Optimization of 1,2,4‐butanetriol production from xylose in Saccharomyces cerevisiae by metabolic engineering of NADH/NADPH balance

• Published in: Biotechnology and bioengineering Vol. 118; no. 1; pp. 175 - 185
• Main Authors: Yukawa, Takahiro, Bamba, Takahiro, Guirimand, Gregory, Matsuda, Mami, Hasunuma, Tomohisa, Kondo, Akihiko
• Format: Journal Article
• Language: English
• Published: United States Wiley Subscription Services, Inc 01.01.2021
• Subjects: 1,2,4‐butanetriol; Alcohol dehydrogenase; Chemical reactions; coenzyme balance; Dehydration; Dehydrogenase; Dehydrogenases; Genetic engineering; Genomes; Glucose; Kinases; Low concentrations; Metabolic engineering; Metabolism; Mitochondria; NADH; NADH kinase; Nicotinamide adenine dinucleotide; Optimization; Saccharomyces cerevisiae; Xylonate dehydratase; Xylose; Yeast; 1,2,4-butanetriol; coenzyme balance; Saccharomyces cerevisiae; xylose
• ISSN: 0006-3592; 1097-0290; 1097-0290
• DOI: 10.1002/bit.27560

1,2,4‐Butanetriol (BT) is used as a precursor for the synthesis of various pharmaceuticals and the energetic plasticizer 1,2,4‐butanetriol trinitrate.

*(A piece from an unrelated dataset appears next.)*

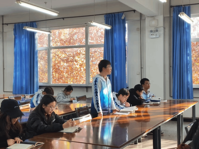 活动伊始,主持人为大家梳理了《老人与海》的创作背景与文学价值,短短几分钟便勾起了大家的讨论热情。沉浸式阅读环节聚焦“老人与鲨鱼搏斗”的经典片段开展。翻书声里,仿佛能看到圣地亚哥握着渔叉、与鲨鱼殊死对抗的身影,能感受到他从疲惫到坚定的心理转变。趣味问答环节点燃了大家的互动热潮,同学们在你一言我一语中把关键情节嚼得更透、悟得更深。深度探讨环节中,大家各抒己见谈及自己对主人公圣地亚哥的性格分析。尤其是圣地亚哥与鲨鱼的搏斗场景给大家以极大的精神鼓舞,一致认为这是对命运的较量。

In Saccharomyces cerevisiae, BT is biosynthesized from xylose via heterologous four enzymatic reactions catalyzed by xylose dehydrogenase, xylonate dehydratase, 2‐ketoacid decarboxylase, and alcohol dehydrogenase. We here aimed to improve the BT yield in S. cerevisiae by genetic engineering. First, the amount of the key intermediate 2‐keto‐3‐deoxy‐xylonate as described previously was successfully reduced in 41% by multiple integrations of Lactococcus lactis 2‐ketoacid decarboxylase gene kdcA into the yeast genome. Since the heterologous BT synthetic pathway is independent of yeast native metabolism, this manipulation has led to NADH/NADPH imbalance and deficiency during BT production. Overexpression of the NADH kinase POS5Δ17 lacking the mitochondrial targeting sequence to relieve NADH/NADPH imbalance resulted in the BT titer of 2.2 g/L (31% molar yield). Feeding low concentrations of glucose and xylose to support the supply of NADH resulted in BT titer of 6.6 g/L with (57% molar yield). Collectively, improving the NADH/NADPH ratio and supply from glucose are essential for the construction of a xylose pathway, such as the BT synthetic pathway, independent of native yeast metabolism. The NADPH regeneration strategy improved 1,2,4‐butanetriol production from xylose in yeast Saccharomyces cerevisiae. We revealed the integrating the 1,2,4‐butanetriol synthetic pathway strain induced the NADPH depletion. The overexpression of NADH kinase POS5△17 increased up to 2.2 g/L with a molar yield 33%. Sequential supply of glucose relieved the xylonate accumulation is major byproduct and BT production reached at 6.6 g/L after 144 h fermentation.